Exercise goal: Quote each line of the material verbatim, without the pictures.

Raw data:
*** Block opens ***

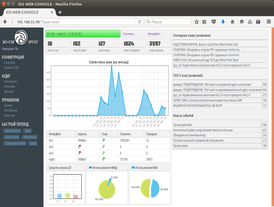 СОВ "Кречет" предназначен для выявления всех известных видов сетевых атак.
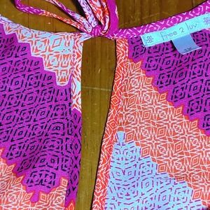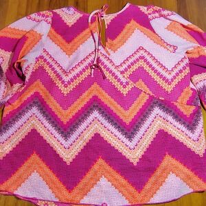 Free 2 Luv Women 1X Chevron Print Tie Neck Blouse Pink Orange Boho festival
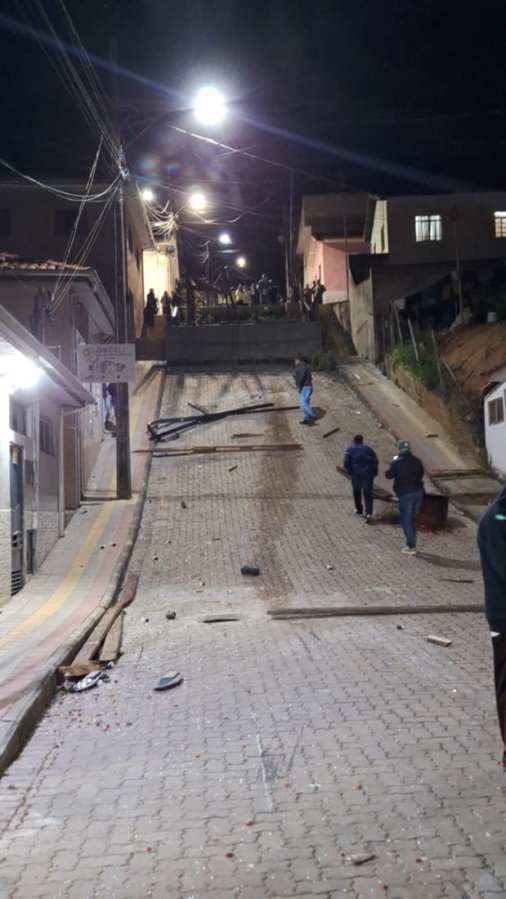 Caminhão sem freios colide com coreto e veículos no Centro de Tocos do Moji

*** Block closes ***

Solution to this exercise:
 СОВ "Кречет" предназначен для выявления всех известных видов сетевых атак.
 Free 2 Luv Women 1X Chevron Print Tie Neck Blouse Pink Orange Boho festival
 Caminhão sem freios colide com coreto e veículos no Centro de Tocos do Moji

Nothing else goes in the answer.